Vatikan'da mart ayının günlerinden biri akşama yaklaşıyordu. Akşam ayazı durgun havayı daha da sıkıştırıyor, akşamın kızıl renkli son ışıkları hızla siliniyordu. Aziz Petrus Bazilikası o akşam normalde olduğundan çok daha hareketliydi. Bir o yana bir bu yana koşan din adamları bağırıp çağırıyor, adeta gözlerinin gördükleri karşısında acı içerisinde kıvranıyorlardı. Tanrılarından yüksek sesle yardım isteyen din adamlarından bazıları ise şapelin o heybetli büyük kapısında diz çöküp kutsal kitapları İncil'den ayetler okuyarak istavroz çıkarıyorlardı. Bazilikanın içerisinde yankılanan sesler:
"Yardım edin!! Sağlık görevlilerini çağırın, Kardinallere, muhafızlara haber verin." üzerineydi..

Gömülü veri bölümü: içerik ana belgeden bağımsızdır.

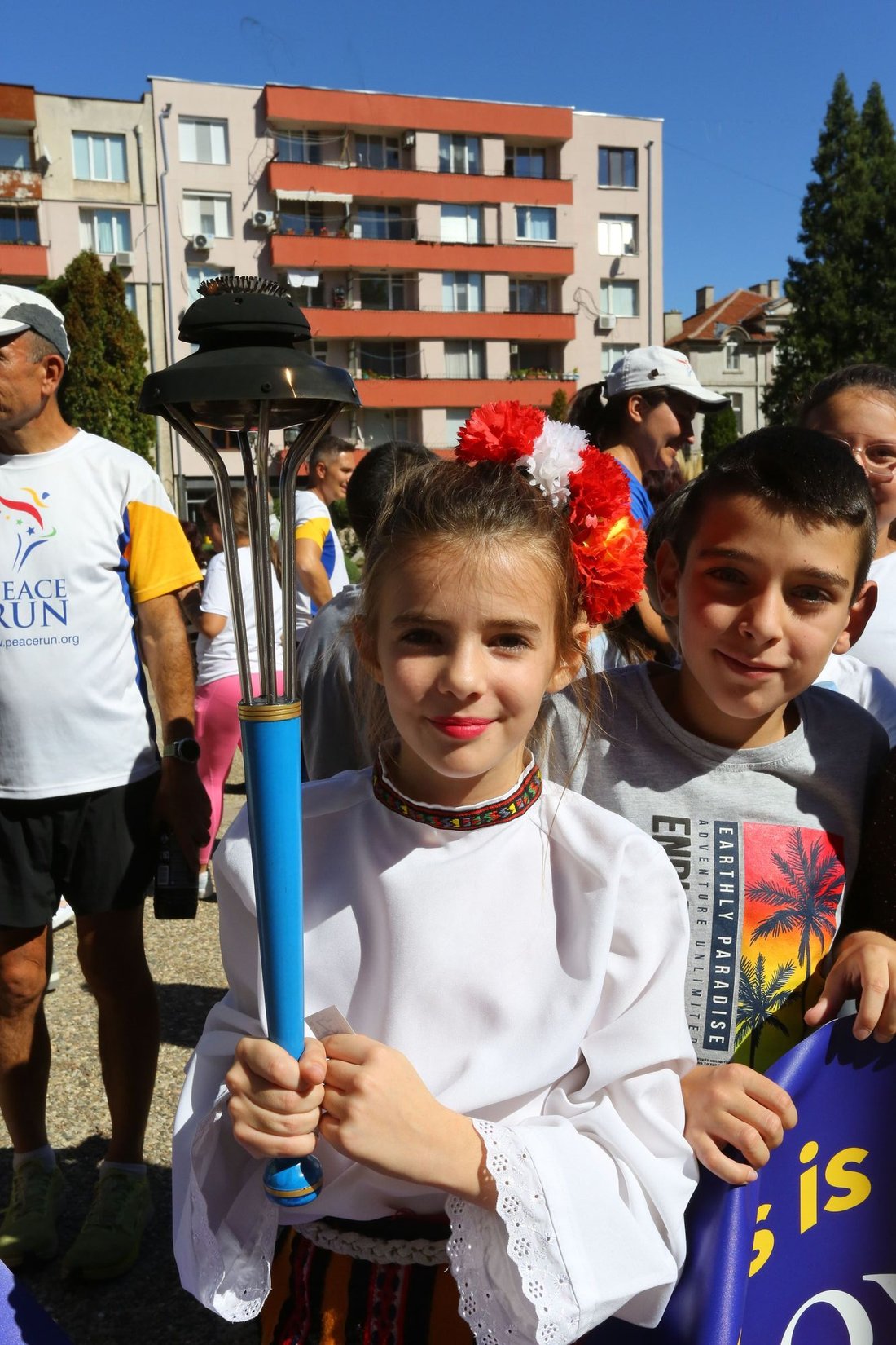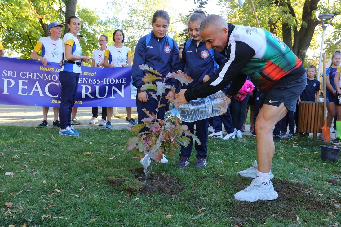 In Kostenets, we were welcomed by sports clubs, students, residents and the mayor of the municipality - Mr. Yordan Angelov. This was followed by the planting of a "peace tree", in which children and Mr. Angelov participated. A sign with an inspiring aphorism was placed in front of the tree to remind the message of peace.
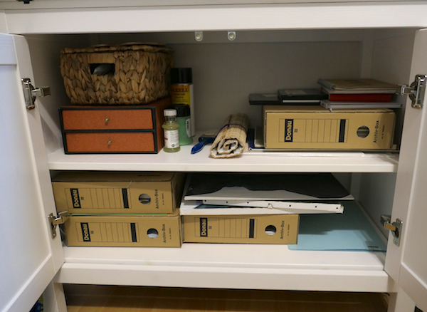 Uff, das war ein ziemliches Herumgeräume heute Nachmittag. Dafür erstrahlt nun der untere Teil meines Sekretärs im Wohnzimmer in neuer Ordnung:
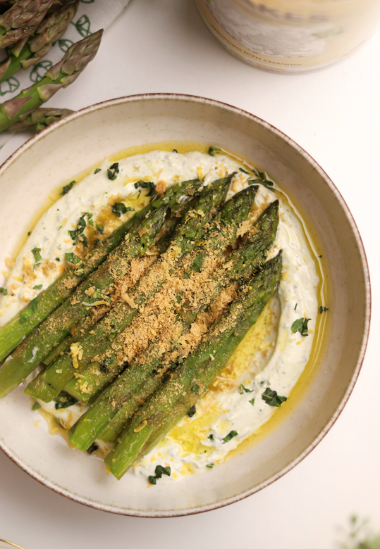 Ніжна спаржа з кремовою намазкою та пікантними Flakes із середземноморськими травами

Din adamlarını bu kadar korkutan ve çığlık çığlığa etrafı inletmelerini sağlayan şey kilise de vahşice işlenmiş cinayetti. Cesetlerden akan kanlar o kadar sıcaktı ki dumanları halen daha tütüyor, bu durumda cinayetin daha yeni işlendiğini gösteriyordu. Şapel o kadar korkutucu bir haldeydi ki cesetler üçgen şeklinde yerleştirilmiş ve ölü rahiplerin kanları ile duvarlara şeytani İncil'den cümleler yazılmıştı. Şapel'in dört bir yanında ki duvarlara enteresan ve ürkütücü şekiller çizilmişti.
****
Saat tam 06.51, günlerden Çarşamba. Beklenilenden daha soğuk bir sonbahar günü. Havada ki sis bulutları adeta korkuyu besliyor ve sessizlik ona eşlik ediyordu. Alarmın çalmasıyla yatağından kalkan Samanta, yeni gün için hazırlanmaya başlar. Bir polis maaşı ile bu eski apartmanda oturan Samanta, kıyafetlerini giyinip hazırlandıktan sonra, çatırdayan ahşap merdivenleri hızlıca inerek apartmanın otoparkında bulunan arabasına doğru yürümeye başlar. Bahçedeki kırık dökük, gençlerin üzerini kazıdığı ve belli ki çok şeye şahit olmuş bankta oturan, tuhaf görünümlü ve oldukça ürkütücü bir kadın:
"Samanta!!!" diyerek söze başlar.
Az önceki ses tonunu biraz daha endişeli bir tavırla değiştirerek titreyen vücudu ile sözüne devam eder...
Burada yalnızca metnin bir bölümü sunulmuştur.